US 12,243,273 B2
Neural 3D video synthesis
Zhaoyang Lv, Redmond, WA (US); Miroslava Slavcheva, Seattle, WA (US); Tianye Li, Los Angeles, CA (US); Michael Zollhoefer, Pittsburgh, PA (US); Simon Gareth Green, Deptford (GB); Tanner Schmidt, Seattle, WA (US); Michael Goesele, Woodinville, WA (US); Steven John Lovegrove, Woodinville, WA (US); Christoph Lassner, San Francisco, CA (US); and Changil Kim, Seattle, WA (US)
Assigned to META PLATFORMS TECHNOLOGIES, LLC, Menlo Park, CA (US)
Filed by META PLATFORMS TECHNOLOGIES, LLC, Menlo Park, CA (US)
Filed on Jan. 7, 2022, as Appl. No. 17/571,285.
Claims priority of provisional application 63/142,234, filed on Jan. 27, 2021.
Prior Publication US 2022/0239844 A1, Jul. 28, 2022
Int. Cl.
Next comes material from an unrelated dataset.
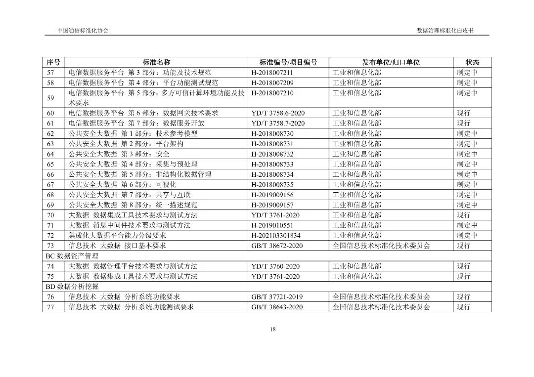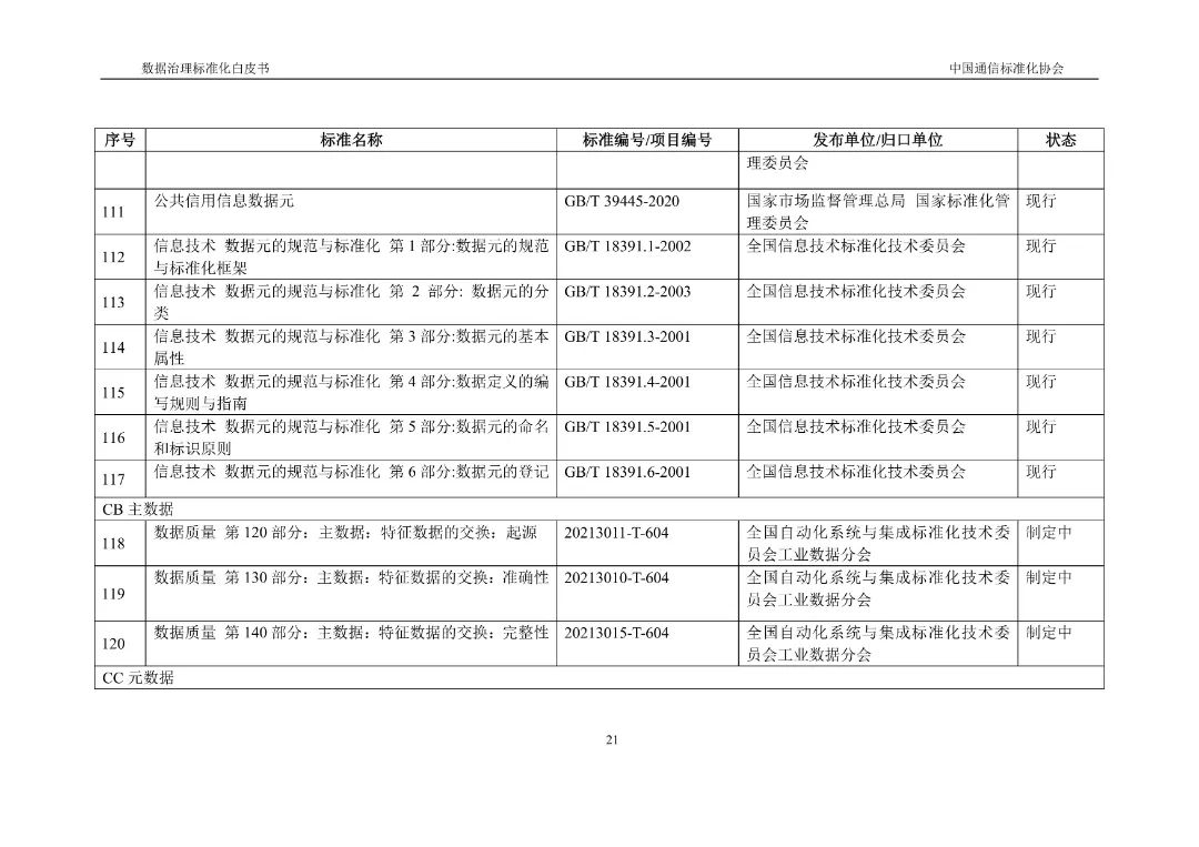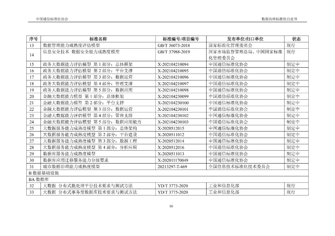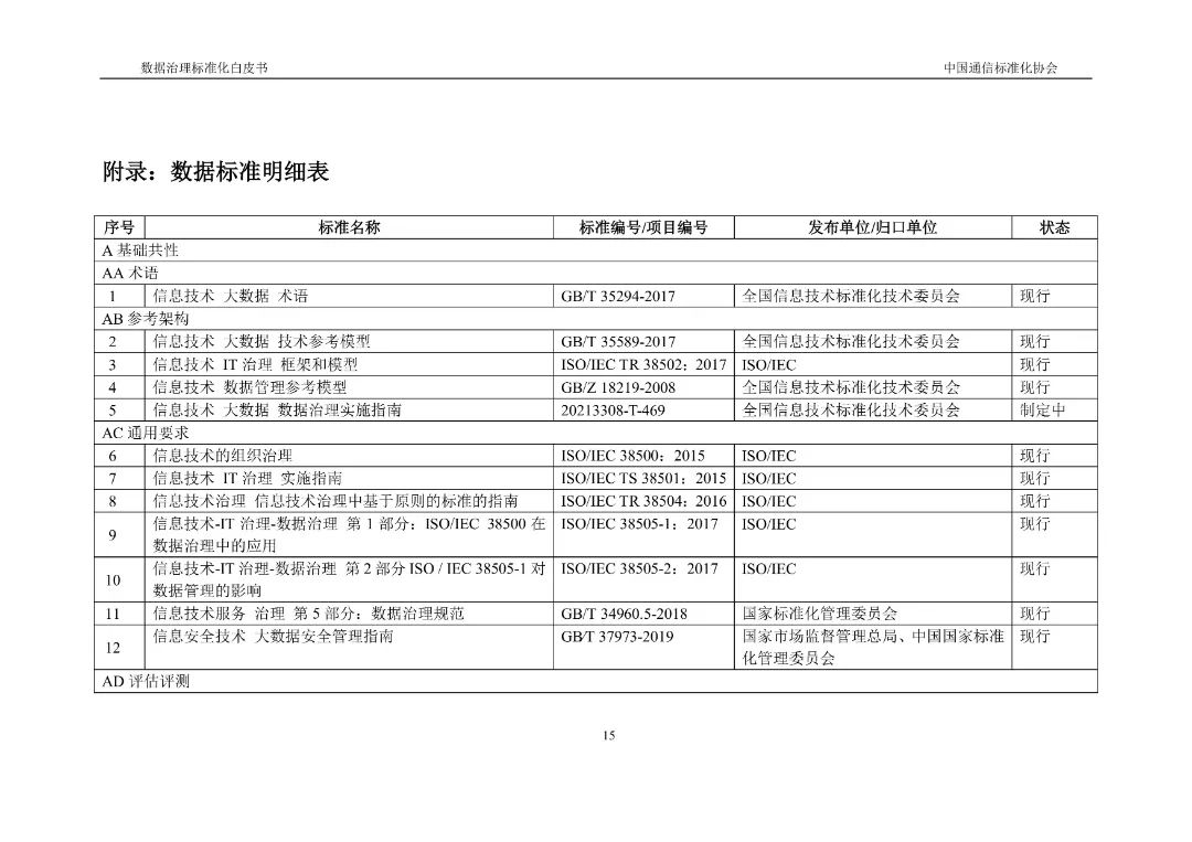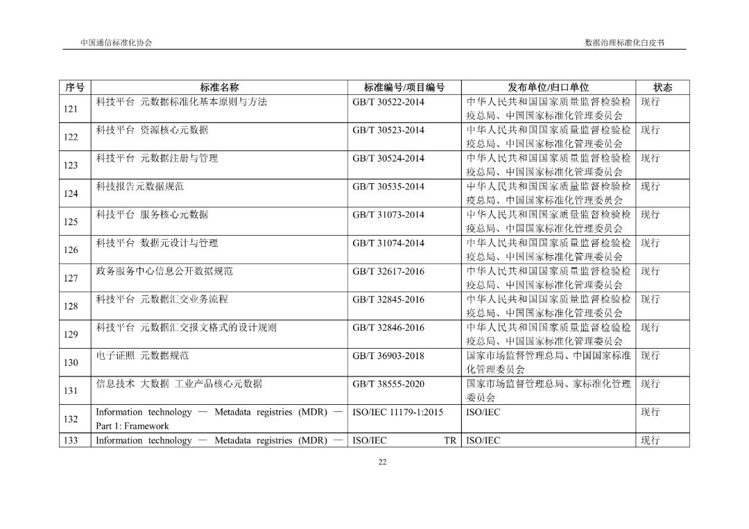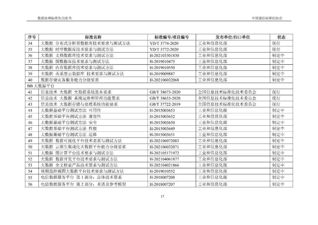 近期,《数据治理标准化白皮书》正式发布,该白皮书积极将标准化理念引入数据治理领域,重点探讨数据治理标准化的概念内涵、总体进展、典型标准和需求挑战,搭建了数据治理标准体系框架及运行机制,并提出工作建议。

G06T 7/00 (2017.01)
CPC G06T 7/97 (2017.01) [G06T 2207/20081 (2013.01); G06T 2207/20084 (2013.01)] 17 Claims
OG exemplary drawing
 
1. A method comprising:
rendering output frames for an output video of a scene, wherein each output frame is rendered by querying an updated neural radiance field (NeRF) using at least one updated latent code respectively associated with a desired time associated with the output frame, a desired viewpoint for the output frame, and ray directions associated with pixels in the output frame, wherein the updated NeRF and the at least one updated latent code are based on:
a set of pixels selected from a plurality of pixels of at least two frames in a training video for the scene captured by a camera, the set of pixels selected based on temporal variances of the plurality of pixels,
rendered pixel values for the set of pixels that were identified by querying a pre-trained NeRF using:
ray directions associated with the set of pixels,
initialized latent codes respectively associated with times associated with the at least two frames in the training video, and
a first camera viewpoint associated with the at least two frames; and
a comparison between the rendered pixel values and original pixel values for the set of pixels.